Thought Trembling Hand or Tech/a might have replied to this one but they must have chocolate on their fingers.
I've had a look at the ASX info on ETFs but still gobbly gook to me. I need the beginners manual. 
Sometimes on the ASX they have a little video or demonstration on how it works but couldn't find anything on EFTs as a demo.
I understand you can buy ETFs on Gold- Platnium-silver and S&P 500 but not sure how it cost or how you buy them as a unit or singularly. Totally in the dark on this one. I'm fine with shares but ETFs new ball game. But willing to learn.
CATAPILLAR


----------



## Trembling Hand (24 March 2008)

I PM this one but worth repeating in relation to trading or buying a market index as compared to stock picking.

One thing to think about is that they may actually give you under performance compared to stock picking. As you are buying the whole market (ASX 50 or Materials etc) you are getting the duds with the good. Tough call at the moment but you could do better trying to pick the top 10 in the sector or the top 1 of each Sub-Sector. Very hard at the moment. Maybe they are perfect for now in that they will get you in the market at low transaction cost but not to wild a ride compared to stock picking. 

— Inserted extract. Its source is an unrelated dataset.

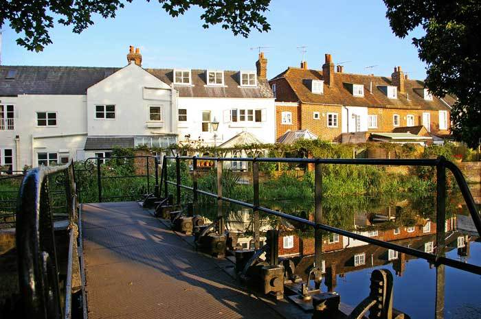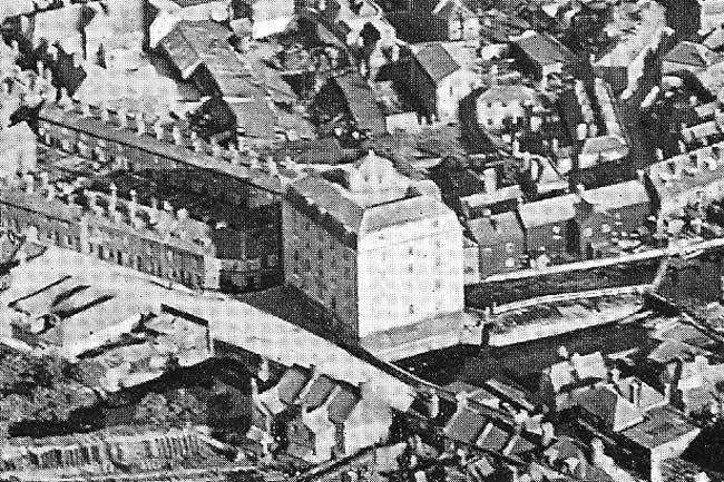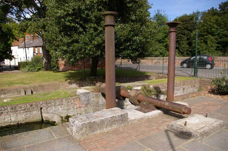 For nearly 150 years the second largest Canterbury building by a wide margin was the Abbot’s Mill, standing where Radigund Street bridge now crosses a branch of the Great Stour (Image 1). It was designed by John Smeaton (of Eddystone light house fame), built in 1792 at a cost of £8000 and burnt to the ground in a spectacular fire in 1933 (Image 2). The 100 feet high six storey building with octagonal turret replaced an earlier mill known as Brown’s mill. Two water wheels, each 16 feet diameter, produced ‘500 quarters of corn weekly’ despite a drop in water level only a little over 5 feet. Earlier mills on the site had been owned by St Augustine’s (hence the name) but it was owned by the City from the dissolution in 1538 up until Victorian times. Owners in Victorian times have included James Simmons and the artist Sydney Cooper, who purchased it when he married Mary Cannon the miller’s daughter. There is no evidence that Cooper had any interest in milling or (as often asserted) in painting views from the octagonal look-out. He was simply easing the finances of his bride’s father. All that now remains of the Smeaton building is the spindle of one of the wheels and two iron pillars.

As always when a markets is hard to trade its just that.....hard to trade...


----------



## tech/a (24 March 2008)

I dont trade them.
But here is an article which may help.
http://info.moneyweek.com/article.p...=&jtid=2376897&UID=JF+-+Google+Intl&p_id=4643

I'm sure there are some examples being traded on "The Chartist" which may be helpful.


----------



## wayneL (24 March 2008)

CATAPILLAR said:


> Thought Trembling Hand or Tech/a might have replied to this one but they must have chocolate on their fingers.
> I've had a look at the ASX info on ETFs but still gobbly gook to me. I need the beginners manual.
> Sometimes on the ASX they have a little video or demonstration on how it works but couldn't find anything on EFTs as a demo.
> I understand you can buy ETFs on Gold- Platnium-silver and S&P 500 but not sure how it cost or how you buy them as a unit or singularly. Totally in the dark on this one. I'm fine with shares but ETFs new ball game. But willing to learn.
> CATAPILLAR



I trade the odd US ETF and presume it is the same for Oz ETFs.

As far as the mechanics of buying and selling them, it is no different to shares. Just ring your broker and order _x_ "shares" of GOLD or STW or whatever. (or trade them online in the usual way)


----------



## CATAPILLAR (24 March 2008)

Thankyou fellow traders. Tech/a I've decided to subscribe to Money Week I thought their  story on ETFs was good reading. Thought it wouldn't hurt to have a good Mag to read. 
Cheers CATAPILLAR


----------